The recent advances in space technology are focusing on fully autonomous, real-time, long-term orbit management and mission planning for large-scale satellite constellations in Low-Earth Orbit (LEO). Thus, a pioneering approach for autonomous orbital station-keeping has been introduced using a model-free Deep Policy Gradient-based Reinforcement Learning (DPGRL) strategy explicitly tailored for LEO. Addressing the critical need for more efficient and self-regulating orbit management in LEO satellite constellations, this work explores the potential synergy between Deep Reinforcement Learning (DRL) and Neuro-Evolution of Augmenting Topology (NEAT) to optimize station-keeping strategies with the primary goal to empower satellite to autonomously maintain their orbit in the presence of external perturbations within an allowable tolerance margin, thereby significantly reducing operational costs while maintaining precise and consistent station-keeping throughout their life cycle. The study specifically tailors DPGRL algorithms for LEO satellites, considering low-thrust constraints for maneuvers and integrating dense reward schemes and domain-based reward shaping techniques. By showcasing the adaptability and scalability of the combined NEAT and DRL framework in diverse operational scenarios, this approach holds immense promise for revolutionizing autonomous orbit management, paving the way for more efficient and adaptable satellite operations while incorporating the physical constraints of satellite, such as thruster limitations.

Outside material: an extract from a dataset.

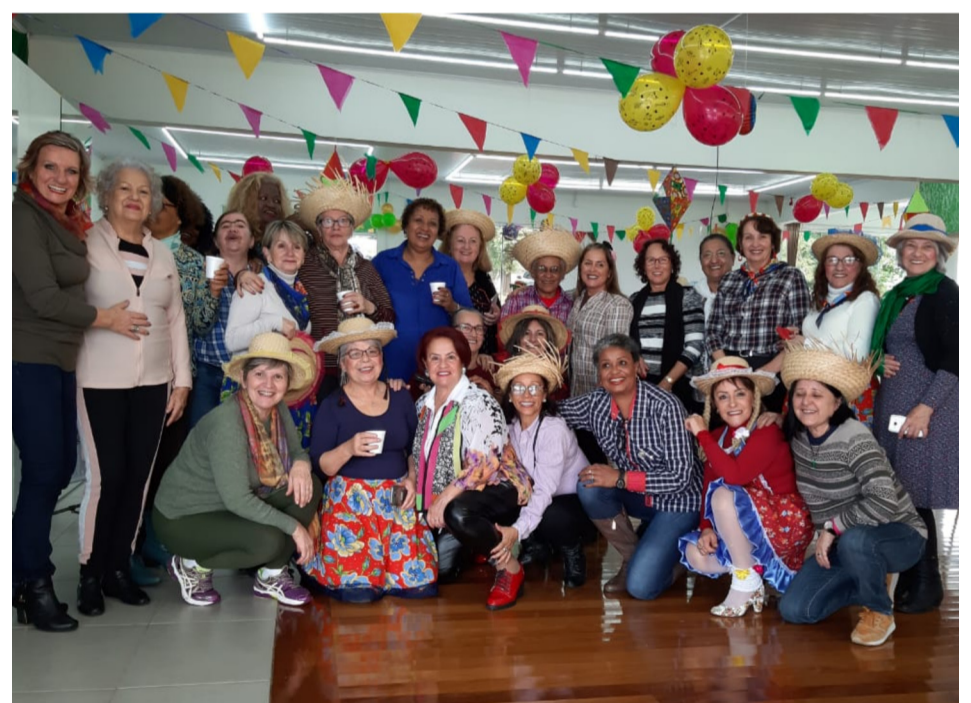
ARRAIAL DA TELEFONISTA

基于神经进化算法和深度强化学习实现低地轨道卫星的完全自主轨道管理
空间技术的最新进展主要集中在为低地轨道(LEO)上的大型卫星群提供完全自主、实时、长期的轨道管理和任务规划。因此,一种开创性的自主轨道站保持方法已被引入,该方法采用了明确为低地轨道量身定制的无模型深度策略梯度强化学习(DPGRL)策略。为了满足低地轨道卫星群对更高效、更自律的轨道管理的迫切需求,这项研究探索了深度强化学习(DRL)与增强拓扑神经进化(NEAT)之间的潜在协同作用,以优化定点保持策略,其主要目标是使卫星能够在允许的容差范围内,在出现外部扰动时自主保持轨道,从而在整个生命周期内保持精确一致的定点保持,同时大幅降低运营成本。这项研究专门为低地球轨道卫星量身定制了 DPGRL 算法,考虑到了机动的低推力约束,并集成了密集奖励方案和基于域的奖励塑造技术。通过展示 NEAT 和 DRL 组合框架在不同运行场景中的适应性和可扩展性,这种方法有望彻底改变自主轨道管理,为更高效、适应性更强的卫星运行铺平道路,同时将推进器限制等卫星物理限制因素纳入其中。
本文章由计算机程序翻译,如有差异,请以英文原文为准。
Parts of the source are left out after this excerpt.